Records from a data source
——

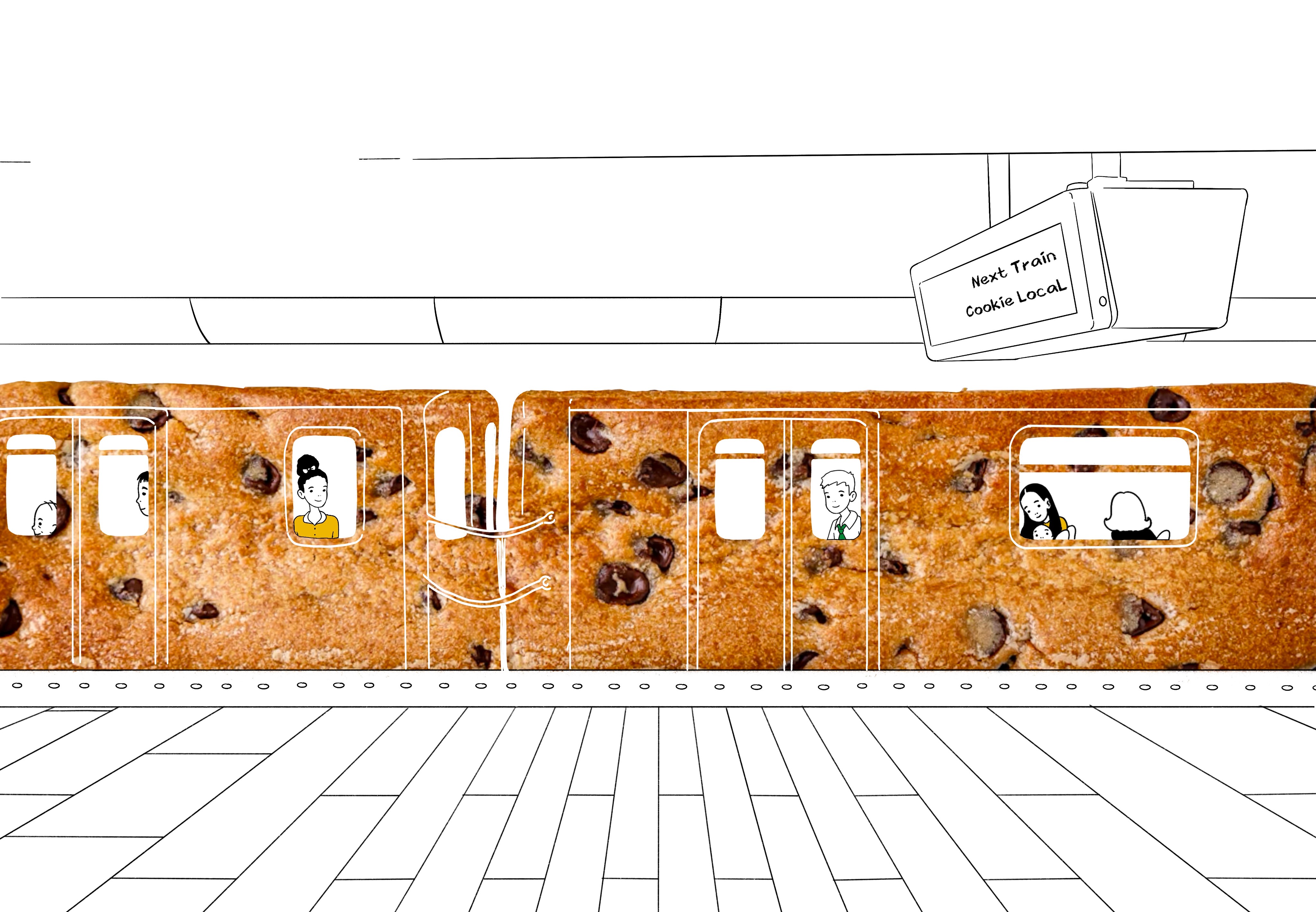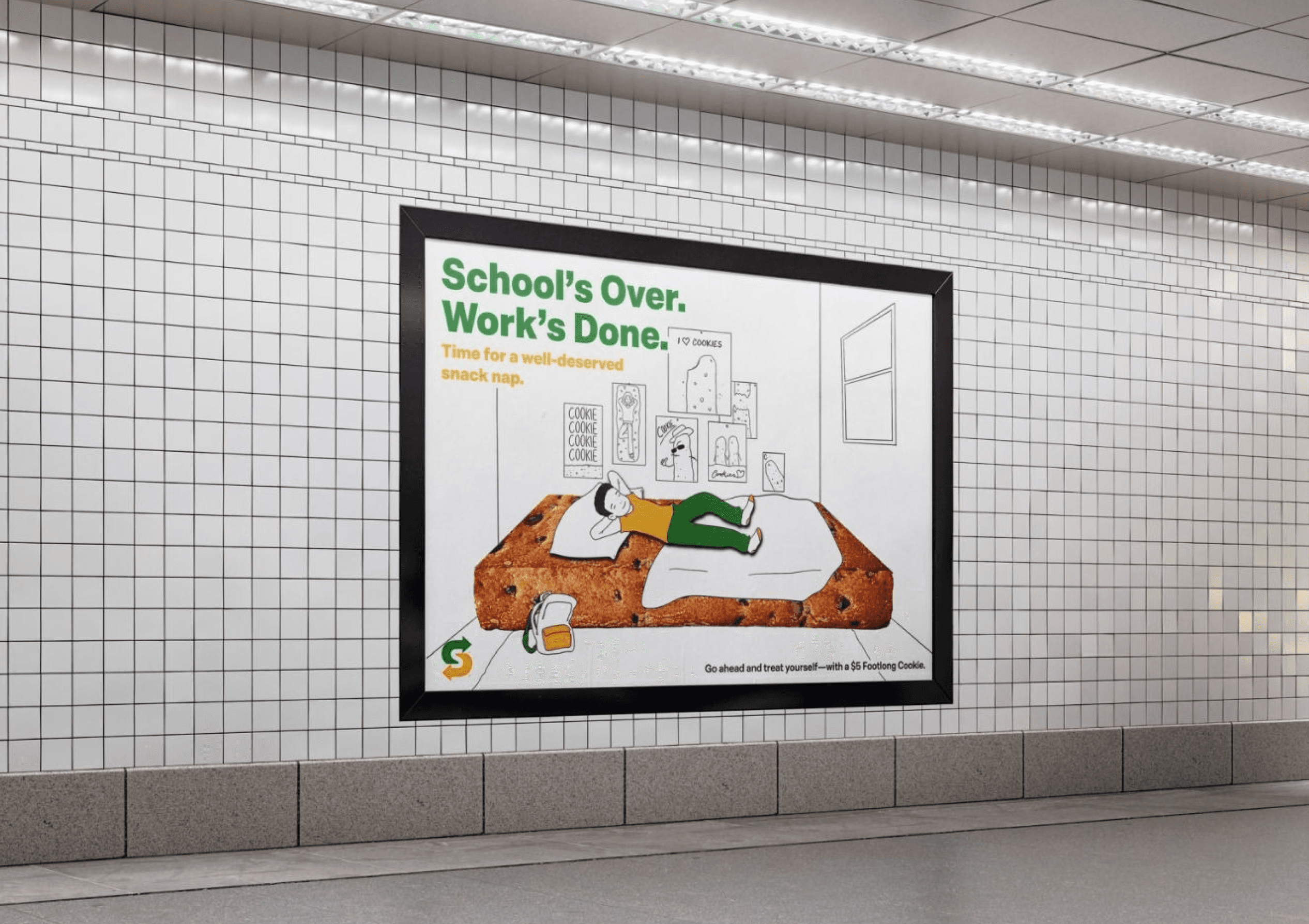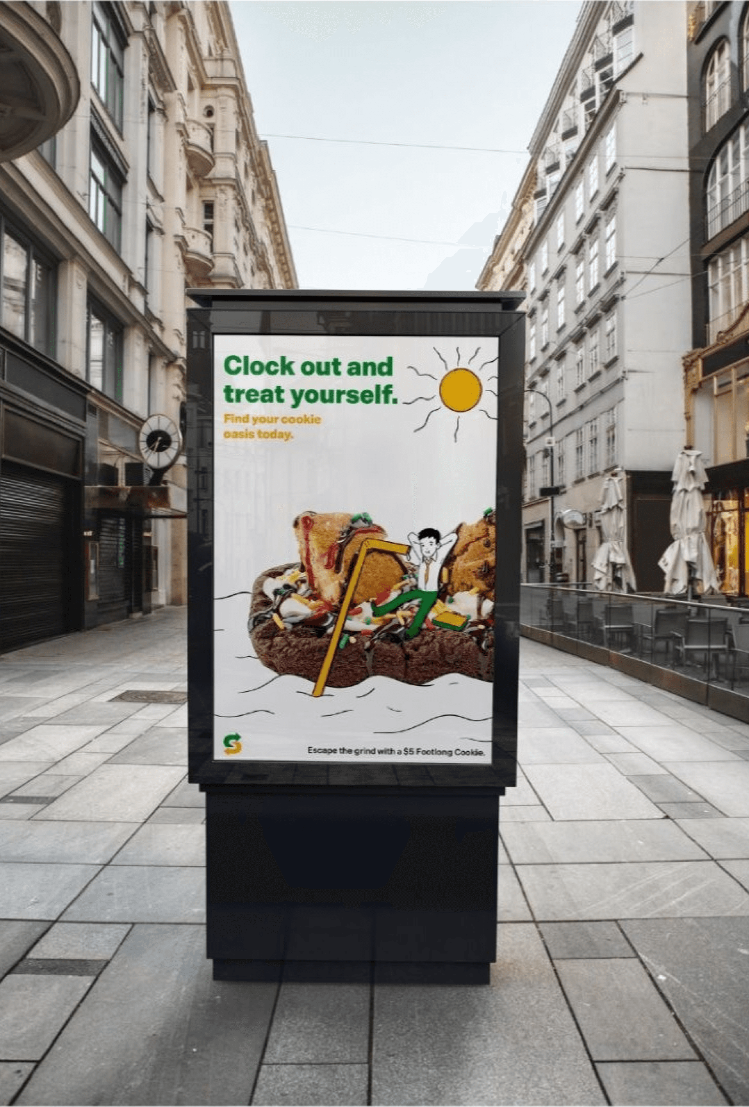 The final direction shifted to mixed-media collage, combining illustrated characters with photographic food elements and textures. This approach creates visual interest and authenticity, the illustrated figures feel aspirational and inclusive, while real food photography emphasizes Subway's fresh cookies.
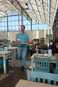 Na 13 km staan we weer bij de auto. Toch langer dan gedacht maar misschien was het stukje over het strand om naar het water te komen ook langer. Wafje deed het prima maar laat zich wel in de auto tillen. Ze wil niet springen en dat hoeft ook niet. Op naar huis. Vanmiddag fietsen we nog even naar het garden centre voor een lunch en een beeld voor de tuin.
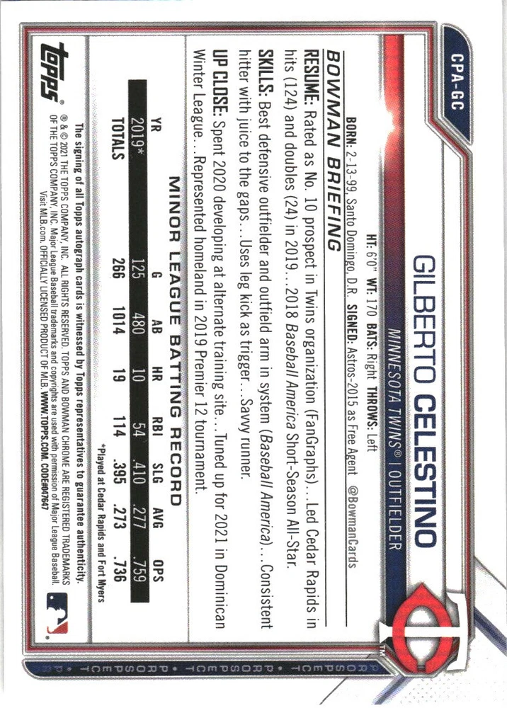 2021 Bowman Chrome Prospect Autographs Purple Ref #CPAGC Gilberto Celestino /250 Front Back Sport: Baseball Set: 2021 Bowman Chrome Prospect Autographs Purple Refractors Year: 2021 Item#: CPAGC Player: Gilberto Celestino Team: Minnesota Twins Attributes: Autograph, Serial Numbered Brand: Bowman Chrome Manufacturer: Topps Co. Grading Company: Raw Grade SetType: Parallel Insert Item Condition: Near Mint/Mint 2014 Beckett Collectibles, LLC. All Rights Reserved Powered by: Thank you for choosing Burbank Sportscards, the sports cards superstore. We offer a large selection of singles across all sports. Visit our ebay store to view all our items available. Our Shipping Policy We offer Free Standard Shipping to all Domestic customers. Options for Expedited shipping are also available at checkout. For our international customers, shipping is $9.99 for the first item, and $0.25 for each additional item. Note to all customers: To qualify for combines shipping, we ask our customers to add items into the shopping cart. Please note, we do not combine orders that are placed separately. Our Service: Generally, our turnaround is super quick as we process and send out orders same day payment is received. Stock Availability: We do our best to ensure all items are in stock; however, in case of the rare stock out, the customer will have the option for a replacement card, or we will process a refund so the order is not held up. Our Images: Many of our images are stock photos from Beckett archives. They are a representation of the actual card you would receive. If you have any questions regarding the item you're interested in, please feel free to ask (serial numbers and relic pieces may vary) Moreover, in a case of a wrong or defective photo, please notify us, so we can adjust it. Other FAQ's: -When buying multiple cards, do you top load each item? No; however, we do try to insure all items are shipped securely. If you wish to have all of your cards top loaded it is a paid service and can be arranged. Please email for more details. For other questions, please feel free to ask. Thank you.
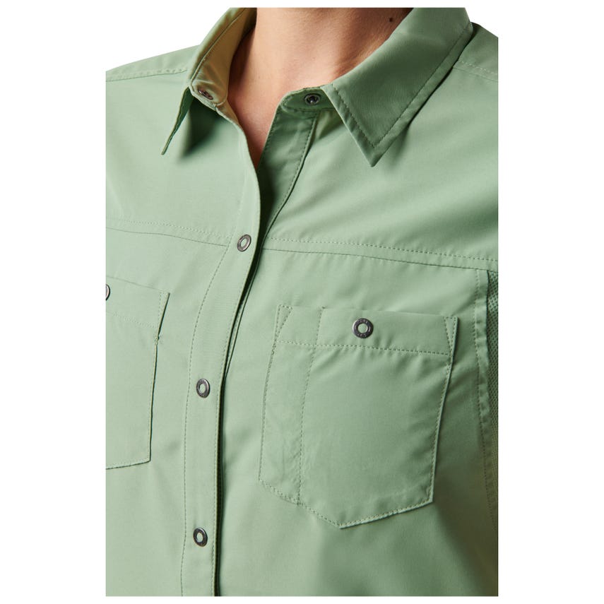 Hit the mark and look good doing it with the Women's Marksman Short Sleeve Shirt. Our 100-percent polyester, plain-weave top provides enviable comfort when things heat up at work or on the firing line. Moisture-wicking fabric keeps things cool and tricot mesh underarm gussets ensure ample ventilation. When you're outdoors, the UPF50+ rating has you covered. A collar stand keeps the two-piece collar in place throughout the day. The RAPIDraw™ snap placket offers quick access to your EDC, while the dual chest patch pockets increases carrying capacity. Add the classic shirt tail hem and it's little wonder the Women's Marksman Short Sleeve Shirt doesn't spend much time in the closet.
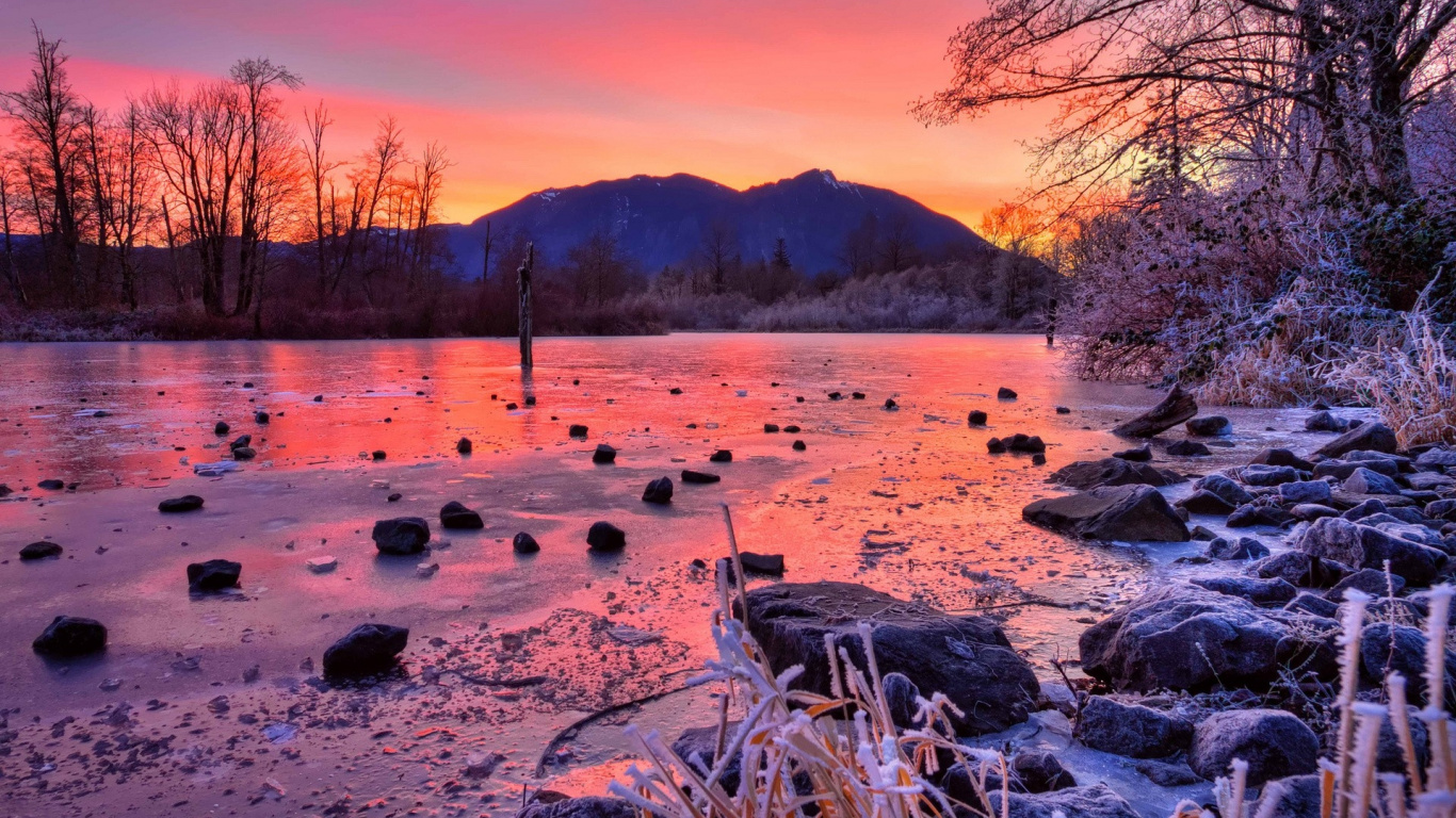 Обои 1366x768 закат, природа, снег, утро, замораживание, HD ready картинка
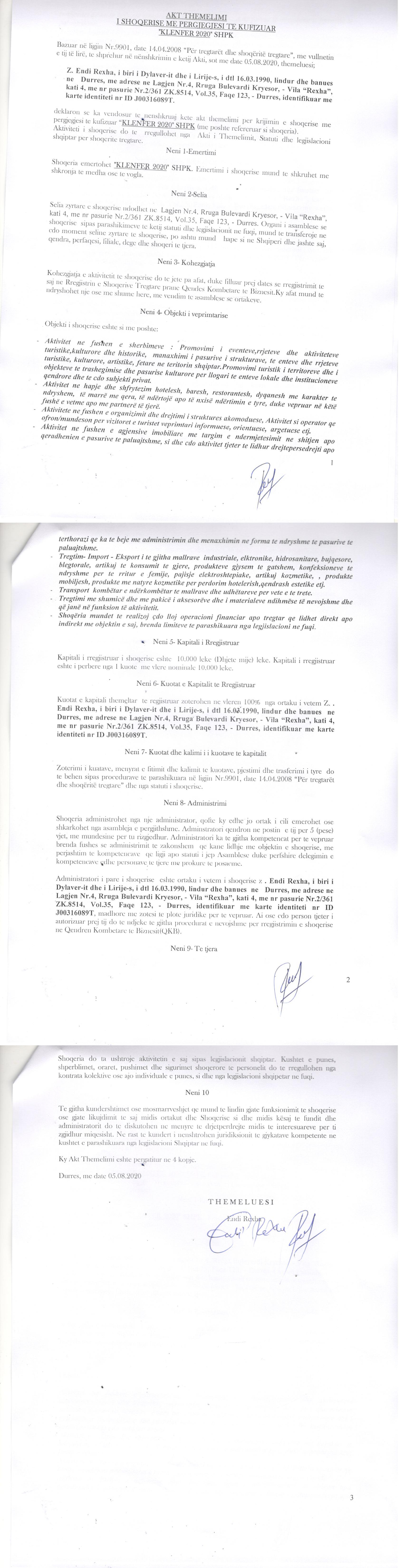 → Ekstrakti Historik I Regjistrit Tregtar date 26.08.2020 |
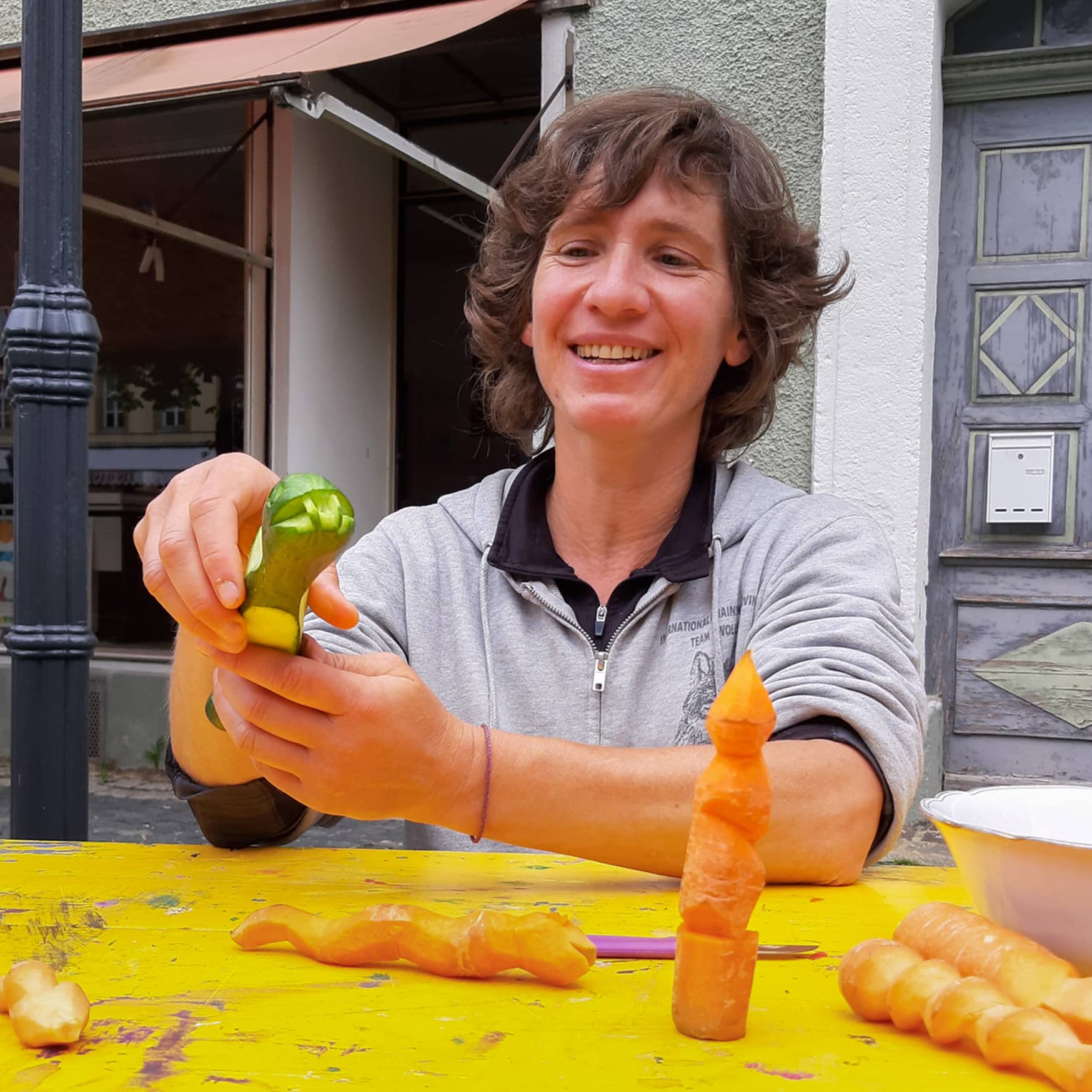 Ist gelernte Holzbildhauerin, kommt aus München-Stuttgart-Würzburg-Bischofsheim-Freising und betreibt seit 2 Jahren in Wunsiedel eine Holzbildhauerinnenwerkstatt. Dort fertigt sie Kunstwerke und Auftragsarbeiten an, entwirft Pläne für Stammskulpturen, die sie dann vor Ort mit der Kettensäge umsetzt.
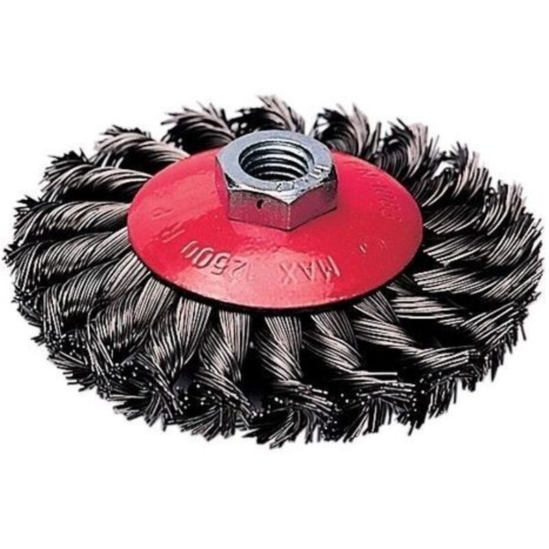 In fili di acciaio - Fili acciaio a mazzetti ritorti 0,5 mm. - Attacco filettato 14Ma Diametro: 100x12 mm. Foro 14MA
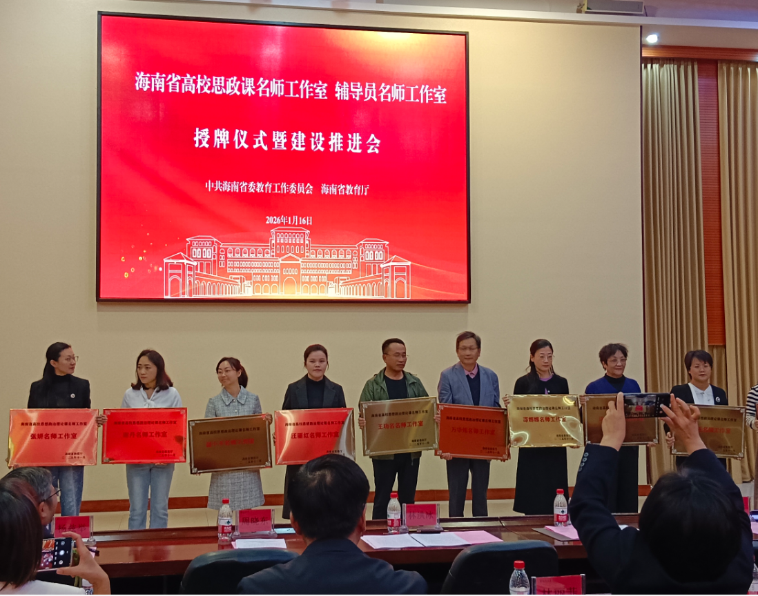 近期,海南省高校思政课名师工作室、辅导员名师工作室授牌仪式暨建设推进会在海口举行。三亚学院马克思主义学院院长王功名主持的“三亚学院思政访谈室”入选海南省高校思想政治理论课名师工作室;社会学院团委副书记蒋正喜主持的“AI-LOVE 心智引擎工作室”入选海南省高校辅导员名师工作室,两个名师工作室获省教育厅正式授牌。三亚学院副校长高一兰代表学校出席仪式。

——

### TRY IT
Please output all of the data exactly as given, omitting any images it holds.

### OUTPUT OF THE TASK
 The final direction shifted to mixed-media collage, combining illustrated characters with photographic food elements and textures. This approach creates visual interest and authenticity, the illustrated figures feel aspirational and inclusive, while real food photography emphasizes Subway's fresh cookies.
 Na 13 km staan we weer bij de auto. Toch langer dan gedacht maar misschien was het stukje over het strand om naar het water te komen ook langer. Wafje deed het prima maar laat zich wel in de auto tillen. Ze wil niet springen en dat hoeft ook niet. Op naar huis. Vanmiddag fietsen we nog even naar het garden centre voor een lunch en een beeld voor de tuin.
 2021 Bowman Chrome Prospect Autographs Purple Ref #CPAGC Gilberto Celestino /250 Front Back Sport: Baseball Set: 2021 Bowman Chrome Prospect Autographs Purple Refractors Year: 2021 Item#: CPAGC Player: Gilberto Celestino Team: Minnesota Twins Attributes: Autograph, Serial Numbered Brand: Bowman Chrome Manufacturer: Topps Co. Grading Company: Raw Grade SetType: Parallel Insert Item Condition: Near Mint/Mint 2014 Beckett Collectibles, LLC. All Rights Reserved Powered by: Thank you for choosing Burbank Sportscards, the sports cards superstore. We offer a large selection of singles across all sports. Visit our ebay store to view all our items available. Our Shipping Policy We offer Free Standard Shipping to all Domestic customers. Options for Expedited shipping are also available at checkout. For our international customers, shipping is $9.99 for the first item, and $0.25 for each additional item. Note to all customers: To qualify for combines shipping, we ask our customers to add items into the shopping cart. Please note, we do not combine orders that are placed separately. Our Service: Generally, our turnaround is super quick as we process and send out orders same day payment is received. Stock Availability: We do our best to ensure all items are in stock; however, in case of the rare stock out, the customer will have the option for a replacement card, or we will process a refund so the order is not held up. Our Images: Many of our images are stock photos from Beckett archives. They are a representation of the actual card you would receive. If you have any questions regarding the item you're interested in, please feel free to ask (serial numbers and relic pieces may vary) Moreover, in a case of a wrong or defective photo, please notify us, so we can adjust it. Other FAQ's: -When buying multiple cards, do you top load each item? No; however, we do try to insure all items are shipped securely. If you wish to have all of your cards top loaded it is a paid service and can be arranged. Please email for more details. For other questions, please feel free to ask. Thank you.
 Hit the mark and look good doing it with the Women's Marksman Short Sleeve Shirt. Our 100-percent polyester, plain-weave top provides enviable comfort when things heat up at work or on the firing line. Moisture-wicking fabric keeps things cool and tricot mesh underarm gussets ensure ample ventilation. When you're outdoors, the UPF50+ rating has you covered. A collar stand keeps the two-piece collar in place throughout the day. The RAPIDraw™ snap placket offers quick access to your EDC, while the dual chest patch pockets increases carrying capacity. Add the classic shirt tail hem and it's little wonder the Women's Marksman Short Sleeve Shirt doesn't spend much time in the closet.
 Обои 1366x768 закат, природа, снег, утро, замораживание, HD ready картинка
 → Ekstrakti Historik I Regjistrit Tregtar date 26.08.2020 |
 Ist gelernte Holzbildhauerin, kommt aus München-Stuttgart-Würzburg-Bischofsheim-Freising und betreibt seit 2 Jahren in Wunsiedel eine Holzbildhauerinnenwerkstatt. Dort fertigt sie Kunstwerke und Auftragsarbeiten an, entwirft Pläne für Stammskulpturen, die sie dann vor Ort mit der Kettensäge umsetzt.
 In fili di acciaio - Fili acciaio a mazzetti ritorti 0,5 mm. - Attacco filettato 14Ma Diametro: 100x12 mm. Foro 14MA
 近期,海南省高校思政课名师工作室、辅导员名师工作室授牌仪式暨建设推进会在海口举行。三亚学院马克思主义学院院长王功名主持的“三亚学院思政访谈室”入选海南省高校思想政治理论课名师工作室;社会学院团委副书记蒋正喜主持的“AI-LOVE 心智引擎工作室”入选海南省高校辅导员名师工作室,两个名师工作室获省教育厅正式授牌。三亚学院副校长高一兰代表学校出席仪式。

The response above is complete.